В бытность свою, по плоскостопию будущий невольный аргонавт был комиссован, но как бы наполовину: вовсе от армии не отлученный, строевую службу рядовой Обабков проходил в строительстве. Окопы, блиндажи, дачи… Но уж никак, простите, не кровожадные фурии с копьями и луками, бывшие древнее его прабабок, а на сей злополучный момент – младше дочери Светланы, проживающей в Петрограде с мужем Ильей и чудными близнецами Гавриилом и Соней. Их лица явственно сейчас всплывали между зеленых пятен, пляшущих перед глазами у Петровича. Тоска надвигающейся гибели охватила его тисками. Не кстати подступила икота…

«Xa, xa, xa!» – засмеялся вдруг про себя Обабков, отдаваясь истерике. С миртового деревца в кадке взлетела перепуганная галка. «Застрелили меня из лука чертовы амазонки! Ик! Стрелою в грудь застрелили! Кого? Меня?! Ик! Мою бессмертную душу застрелили!» [3]

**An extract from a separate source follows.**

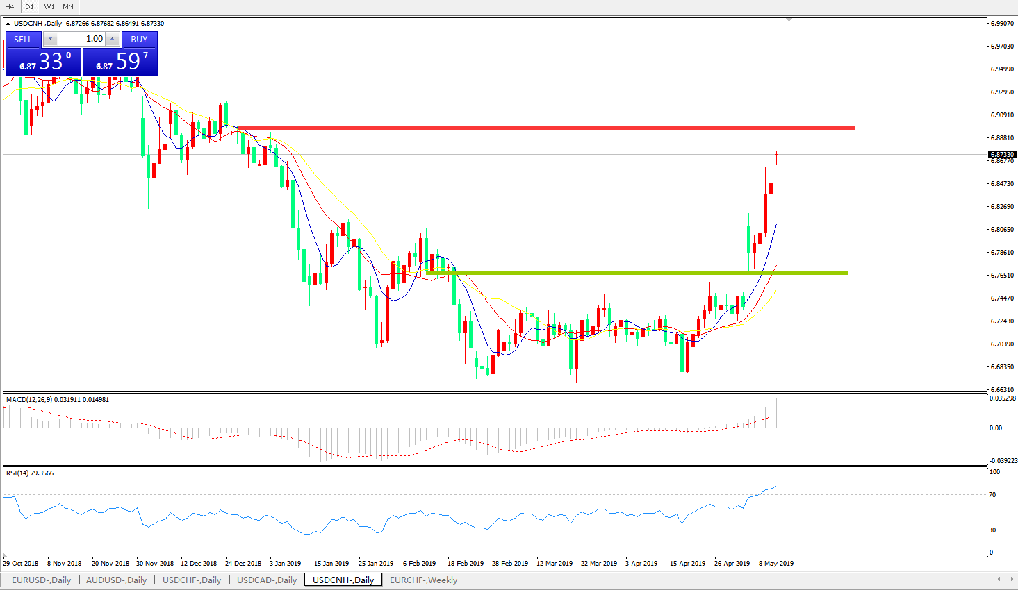 交易策略6.7560之上,看涨,目标价位为6.8585,然后为6.9200

Теперь уже Петрович бежал врозь, понимая, что отбился от остальных. Перед взглядом его кувыркались ступени, колонны, вазы, фрески, коврики, деревца в кадках, стулья с парусиновым дном, высоченные в рост подсвечники. Дрянной павлин путался под ногами, раззявив клюв. Развешанное на просушку белье хлестало по лицу, облепляло плечи…

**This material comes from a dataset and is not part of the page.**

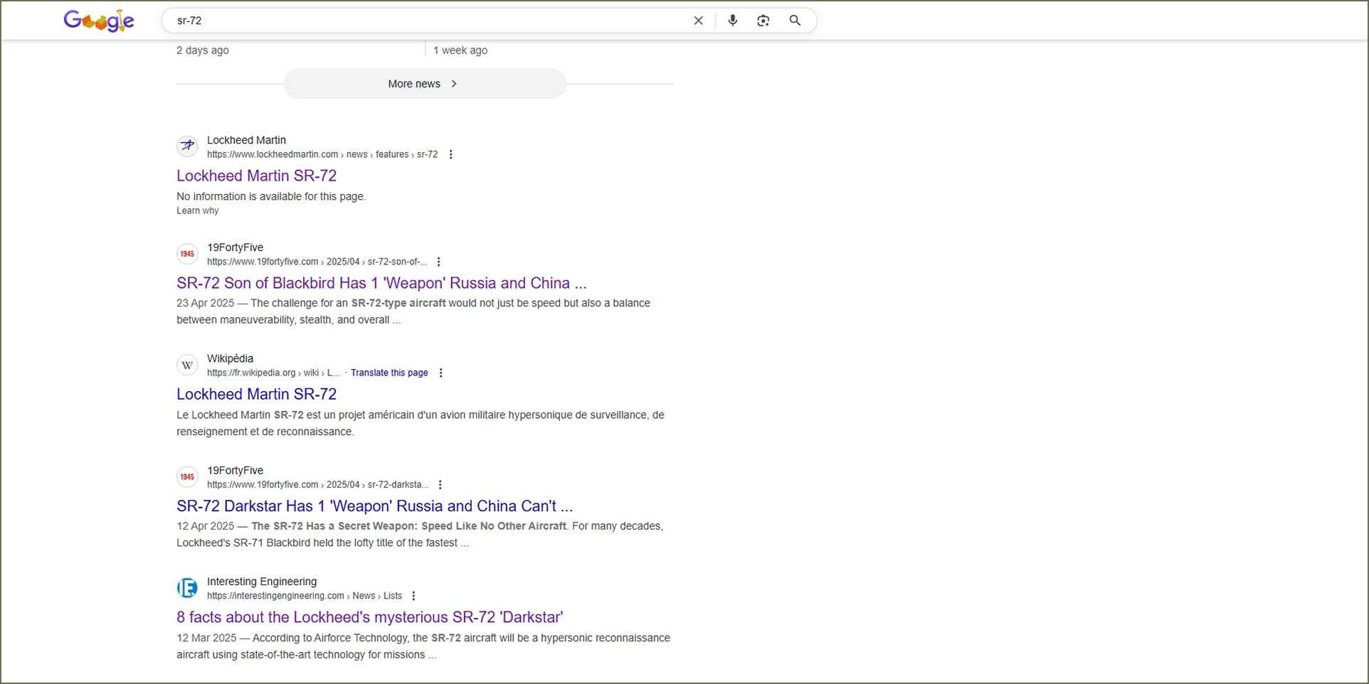 Lockheed Martin has created an SR-72-specific webpage that appears on Google with the message "no information is available for this page," suggesting metadata has been deliberately restricted to prevent visibility while preserving the page’s presence. (Picture source: Army Recognition)

Кромешный ад творился вокруг убегающего Петровича, покуда он не ворвался в ослепительный свет, разведя крыльями руки – стремительный, сильный, непокоренный!

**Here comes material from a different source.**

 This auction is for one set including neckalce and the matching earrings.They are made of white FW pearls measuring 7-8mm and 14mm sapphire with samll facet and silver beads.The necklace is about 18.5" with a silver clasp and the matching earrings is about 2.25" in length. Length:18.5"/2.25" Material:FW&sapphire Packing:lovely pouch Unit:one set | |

– Ах-ти! – вскричала прачка, роняя корзину на земь.

Прямо перед ее носом как куль с ботвой повалился перемотанный в простынях мужик, хватая руками воздух. Багровое лицо его коверкала мучительная гримаса. Был он немолод, хрипел, и, наверное, задыхался. Водопряха, статная лет сорока женщина, на удачу плеснула в него водой, надеясь, что как-нибудь обойдется.

И обошлось…

Петрович раскрыл глаза, прекратив хрипеть. Что-то больно давило в бок, а левая онемевшая рука была как чужая. Скоро стало понятно, что именно она и давит, вывернувшись под удивительным углом. И как только не сломалась – чудо. Небо над головой шелушилось вечерним золотом.

Поводя взглядом несчастный обнаружил, что лежит в каком-то тесном, обставленном стенами дворе у колодезя с резной крышей. Над головой возвышалось изваяние женственных очертаний, каких во дворце было много. «Надо же, как живая… Мастера…» – подивился Петрович, глядя на оголенное бедро статуи. Самые неуместные мысли лезли в его обхлестанную тряпьем голову. Была среди них и мысль о морковном желанном пироге в уютной веранде. А за нею вновь на сердце навалилась тоска по дому.

Статуя вдруг, прям по Пигмалиону, пришла в движение, обогнув лежащего справа. Побледневший было Обабков снова клюквенно покраснел – но уж не от одышки, а осознав вдруг, что виды дивные, открывшиеся ему снизу – никакой вовсе не мрамор, а самая что ни есть женская плоть, и самых пригожих очертаний.

– Ты еще что за черт? – наклонилась над Обабковым прачка, вдрызг разворотив его чувства. – Не таращ зенки, вывалятся.

Слова женщины были обидны, но в тоне не чувствовалось упрека, а, скорее даже, сочувственная насмешка. Ее глаза приблизились, не давая отвести взгляд, тело одарило теплом. Руки Петровича сами собой выпутывались из тряпья и тянулись к чудесным и жарким далям…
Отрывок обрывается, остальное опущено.